Hayes: "Courts say, you are sentenced to go to a 12-step recovery. or we pay sometimes, whether it's health insurance, or it's for Medicaid, right, a recovery program, a treatment program is 28 days of this specific type of treatment."

To be clear, no insurance body or government agency, nor anyone anywhere ever, pays a fee for Alcoholics Anonymous. Meetings at treatment facilities are no different, and are an example of cooperation, not affiliation, with professional treatment.

Glaser: "By the way, that's illegal. To be sentenced to AA is against the law. It's a violation of the First Amendment."

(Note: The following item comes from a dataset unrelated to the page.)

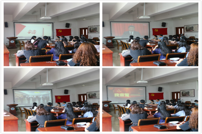 参会人员观看《我宣誓》主题微创视频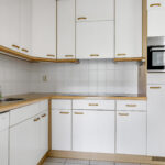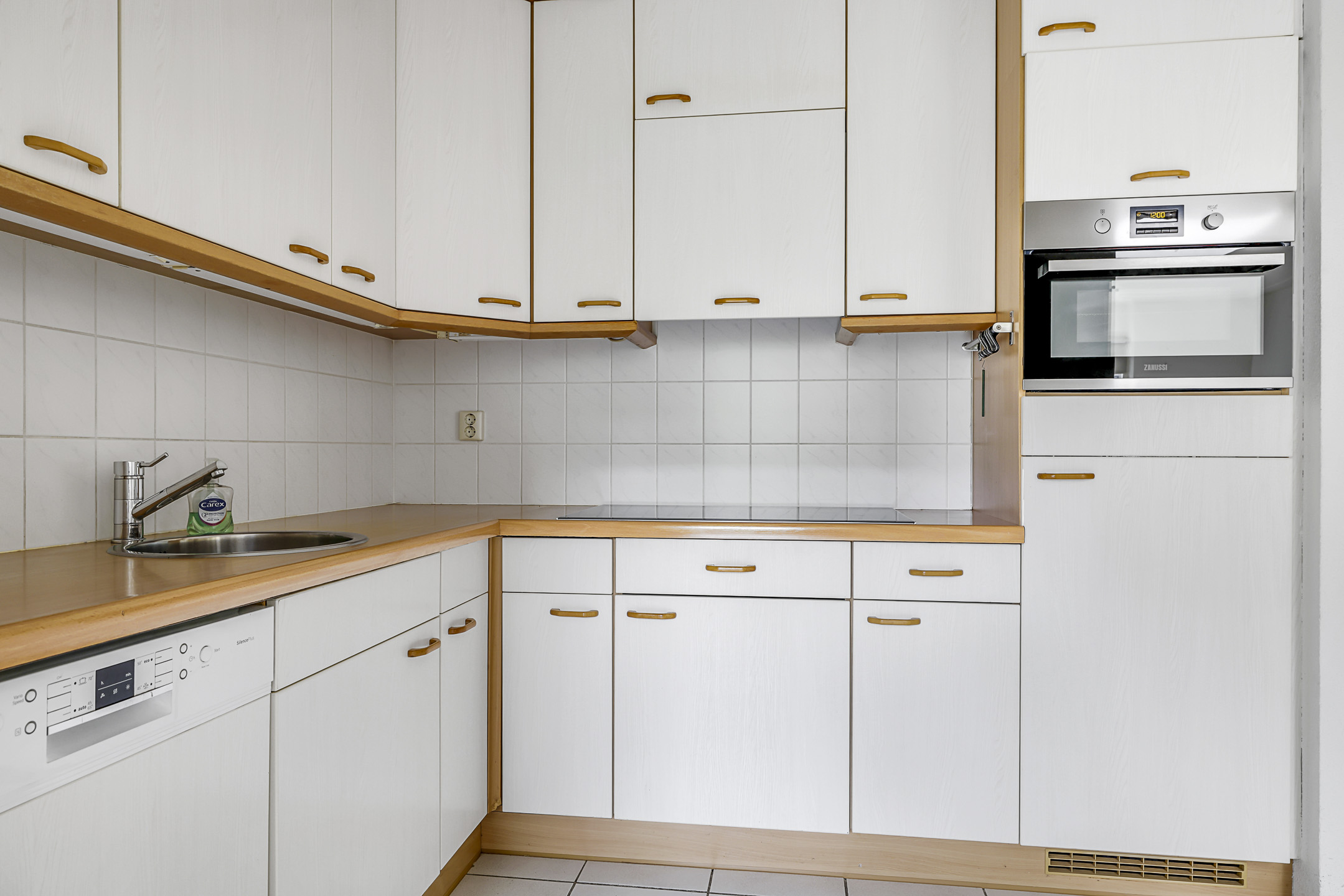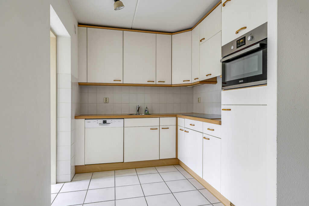 De keuken grenst direct aan de woonkamer (eethoek) en heeft daardoor een open karakter hetgeen het ruimtelijke gevoel versterkt. De keuken is daarbij in een hoekopstelling geplaatst en voorzien van diverse inbouwapparatuur. Denk daarbij aan een vaatwasser, een koelkast, een hetelucht-oven en een afzuigkap. De relatief nieuwe en maximaal brede inductie kookplaat wordt ter overname aangeboden. Verder is er veel kastruimte aanwezig zoals een handige draaicarrousel voor het opbergen van pannen.

That's not entirely true. While there are court cases about this, even those jurisdictions allow AA as an option as long as a "secular" option is also available. One powerful substrata of opposition to AA is among atheists who feel the group features too many religious overtones. Penn and Teller devoted a good portion of their showBullshit! to this idea, and Glaser brings it up, too. The word "God" is mentioned in five of the 12 steps, although with the caveat "as we understand Him," and every meeting closes with a hand-holding recitation of The Lord's Prayer. Members are free to skip any of that, and warned not to push matters of faith (or atheism) on others.

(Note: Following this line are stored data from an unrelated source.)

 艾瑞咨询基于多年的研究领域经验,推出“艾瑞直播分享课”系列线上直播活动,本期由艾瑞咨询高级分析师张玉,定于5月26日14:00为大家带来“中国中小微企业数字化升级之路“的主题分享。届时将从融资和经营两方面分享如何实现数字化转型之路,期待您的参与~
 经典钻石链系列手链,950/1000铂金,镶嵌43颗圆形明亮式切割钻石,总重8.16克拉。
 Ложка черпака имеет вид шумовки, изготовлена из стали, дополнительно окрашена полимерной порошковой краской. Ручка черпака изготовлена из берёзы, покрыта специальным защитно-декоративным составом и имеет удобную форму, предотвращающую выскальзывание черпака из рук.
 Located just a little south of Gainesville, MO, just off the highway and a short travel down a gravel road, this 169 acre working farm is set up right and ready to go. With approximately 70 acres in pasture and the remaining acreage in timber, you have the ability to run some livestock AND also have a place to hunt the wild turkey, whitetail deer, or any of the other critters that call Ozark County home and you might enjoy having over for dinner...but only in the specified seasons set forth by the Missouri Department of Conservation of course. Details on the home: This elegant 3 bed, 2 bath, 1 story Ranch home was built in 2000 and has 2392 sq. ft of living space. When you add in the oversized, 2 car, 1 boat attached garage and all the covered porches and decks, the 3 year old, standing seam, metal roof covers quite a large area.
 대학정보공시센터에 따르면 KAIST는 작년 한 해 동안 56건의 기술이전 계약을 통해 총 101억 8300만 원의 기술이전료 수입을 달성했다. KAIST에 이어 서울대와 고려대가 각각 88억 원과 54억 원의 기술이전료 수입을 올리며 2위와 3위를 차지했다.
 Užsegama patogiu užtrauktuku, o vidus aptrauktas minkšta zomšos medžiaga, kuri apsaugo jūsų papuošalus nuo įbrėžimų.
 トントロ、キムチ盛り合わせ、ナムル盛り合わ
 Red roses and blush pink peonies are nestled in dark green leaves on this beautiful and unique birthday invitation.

In practice, many members replace "God" with "Higher Power," and often consider the group as a whole to fulfill that role. Still, it's a fair point in a legal sense, but that's really not AA's problem. They don't recruit from the courts, but neither will they turn anyone away:

We cannot discriminate against any prospective A.A. member, even if he or she comes to us under pressure from a court, an employer, or any other agency.

Here's hoping that Hayes will correct the record that was so badly distorted on his show.

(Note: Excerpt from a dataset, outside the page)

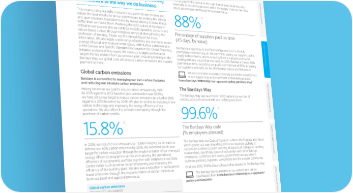 The way we do business Our ability to deliver Shared Growth for Prompt payment Con t e our stakeholders is underpinned by a strong Prompt payment is critical to the cash flow of every business, and xt and Appr especially to smaller businesses within the supply chain as cash flow commitment to the way we do business. issues are a major contributor to business failure. o This means using our skills, resources and commitment to drive and ach deliver the best results for all our stakeholders; by seeking fair, ethical and open solutions to problems and by always striving to leave things 88% better than we found them. Fostering the right culture at Barclays is critical to our success and we continue to build a positive conduct and Percentage of suppliers paid on time values-based culture through initiatives aimed at strengthening the profession of banking. Please see the Annual Report for more (45 days, by value) Shar information. We also apply a wide range of policies and standards across ed Gr a range of social and environmental issues, with further detail available o in the General and Specific Standard Disclosures in the Global Reporting Barclays is a signatory to the Prompt Payment Code in the UK, wth Ambition Initiative sections of this report. We continue to apply performance promptpaymentcode.org.uk. We commit to paying our suppliers within targets for key metrics from our previous plan, including training on the clearly defined terms, and to ensuring there is a proper process for Barclays Way, our global code of conduct, carbon emissions and supplier dealing with any issues that may arise. In 2016, Barclays achieved 88% payment on time. payment on time, exceeding our public commitment of 85%. By paying our suppliers promptly, we live the Barclays Values and Behaviours. Global carbon emissions We are committed to supplier diversity and further development of our supply chain in line with best sustainability practice. Barclays is committed to managing our own carbon footprint home.barclays/citizenship/our-approach/policy-positions.html Gener and reducing our absolute carbon emissions. The Barclays Way al S Having exceeded our goal to reduce carbon emissions by 10% tandar by 2015 against a 2012 baseline (actual reduction was 37.3%), The Barclays Way was launched in 2013, replacing a number of we have set a new target to reduce carbon emissions by a further 30% existing codes of conduct with one unifying document. d Disclosur (against a 2015 baseline) by 2018. We plan to do this by investing in low carbon technology and improving the energy efficiency of our operations. We also offset the emissions remaining through the es purchase of carbon credits. 99.6% 15 . 8 % The Barclays Way code Specific S (% employees attested) tandar The Barclays Way, our Code of Conduct, outlines the Purpose and Values In 2016, we reduced our emissions by 15.8% keeping us on track to which govern our way of working across our business globally. It d Disclosur achieve our 30% carbon reduction by 2018. We exceeded our in-year constitutes a reference point covering all aspects of colleagues’ working target for carbon reduction through the implementation of our managed relationships, specifically (but not exclusively) with other Barclays energy efficiency programme aimed at improving the operational employees, customers and clients, governments and regulators, es efficiency of our property portfolio together with initiatives in our Data business partners, suppliers, competitors and the broader community. Centre estate such as server decommissioning and improving the efficiency of the building plant. We also saw a reduction in our business As at end 2016, 99.6% of our colleagues had attested to The Barclays Way. travel emissions through the implementation of stricter controls on The Barclays Way is available on our website and can be KP business travel and approval processes. downloaded from home.barclays/citizenship/our-approach/ MG Assur Global carbon emissions policy-positions.html (tonnes CO2 equivalent) ance S ta t 2016 406,242 emen 2015 482,609 t We offset all our carbon emissions by investing in projects, such as the 1 Wildlife Works’ Kasigau Corridor REDD+ Project. The project, which became the world’s first REDD+ project to be validated and verified under the Verified Carbon Standard (VCS) and the Climate, Community and Biodiversity Standard (CCB), protects over 500,000 acres of highly threatened Kenyan forest known as the Kasigau Corridor, securing the wildlife migration corridor between Tsavo East and Tsavo West National Notes Parks. 1 Reducing Emissions from Deforestation and Degradation (REDD) was originated by the United Nations to help stop the destruction of the world’s forests. “REDD+” goes beyond avoiding deforestation to include the roles of wildlife conservation, community development and job creation, and enhancement of forest carbon stocks among other benefits. Within KPMG’s limited assurance scope. Please see page 49. home.barclays/annualreport Barclays PLC Environmental Social Governance Supplement 2016 • 15

As for Glaser, her piece is actually not completely useless, as it does make a somewhat compelling case that the medical establishment and the government are farming out too much responsibility to a recovery support group. If doctors were sending cancer patients to a support group and calling it "treatment," no one would attack the support groups, yet this is what Glaser has done.

It should also be noted that while Glaser criticizes AA for its lack of scientific backing, she shifts deftly between vague scientific citations and anecdotal evidence, and even conducts a medical experiment on herself against the advice of her doctor. The only "irrationality" she's proven, beyond any doubt, is her own, and The Atlantic's editors.